Podane i opisane poniżej wideoklipy nie wyczerpują oczywiście ogromu moich ulubionych kawałków. Czasem wcale nie muszą nimi być. Pokazują jednak jak oprócz samej muzyki – ważna i piękna może być ta warstwa wizualna. No to jedziemy! (kolejność prezentacji – przypadkowa).
!UWAGA! Mogą wystąpić problemy z wyświetleniem się niektórych klipów na przeglądarce IE8. Za uniedogodnienie – przepraszam.
Timo Maas – To Get Down
W tym klipie jest coś mobilizującego, aktywizującego. Chce się coś rozwalić, zacząć biegać albo odpalić jakiegoś FPS-a lub ścigałkę. Pamiętacie FIFĘ 2003 - pamietacie i to. Rozpierducha w eterze i na ekranie! Genialne basy, efektowne zwolnione tempo i mroczny bohater główny.
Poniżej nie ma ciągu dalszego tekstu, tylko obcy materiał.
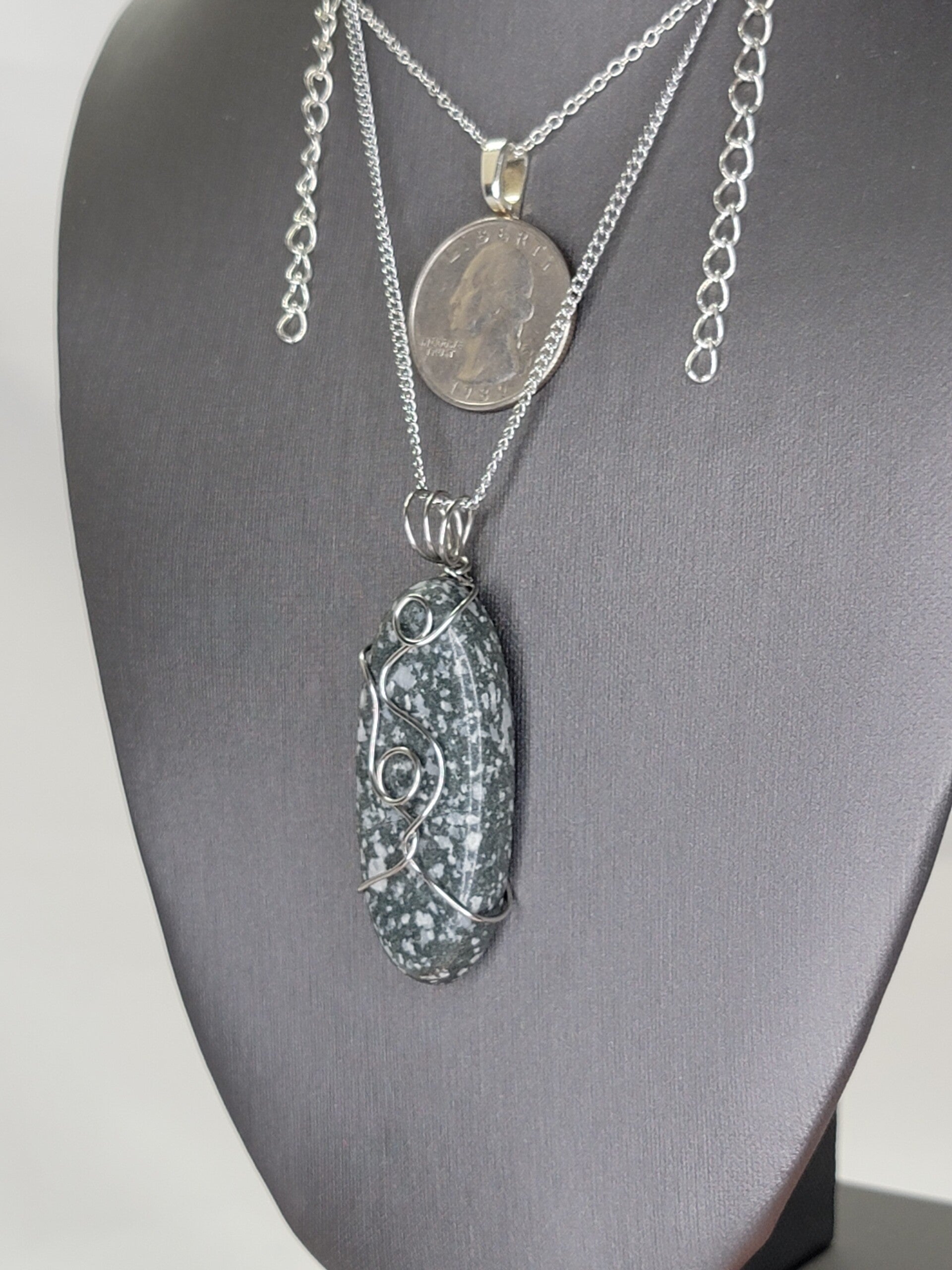 Pendant & Necklace Cumberlandite Crystal, Cabochon, Wire Wrapped

Chemical Brothers – The Test
Obok Moby’ego i Fatboy Slim’a – mój ulubiony zespół grający tego typu muzę. Klip wybrałem ze względu na tajemniczy klimat, surrealistyczną atmosferę i artystyczną oprawę. Utwór wpada w ucho, a klip w oko.
Moby – Go On
Mimo, że znam lepsze utwory tego wykonawcy (m.in. Honey, Flower)– to właśnie ten teledysk kupił moje serce. Śmieszno-dołująca historia (wiem, brednia, ale coś w tym jest) przyprawiona genialnym rytmem. Wszystko w stylu Memento.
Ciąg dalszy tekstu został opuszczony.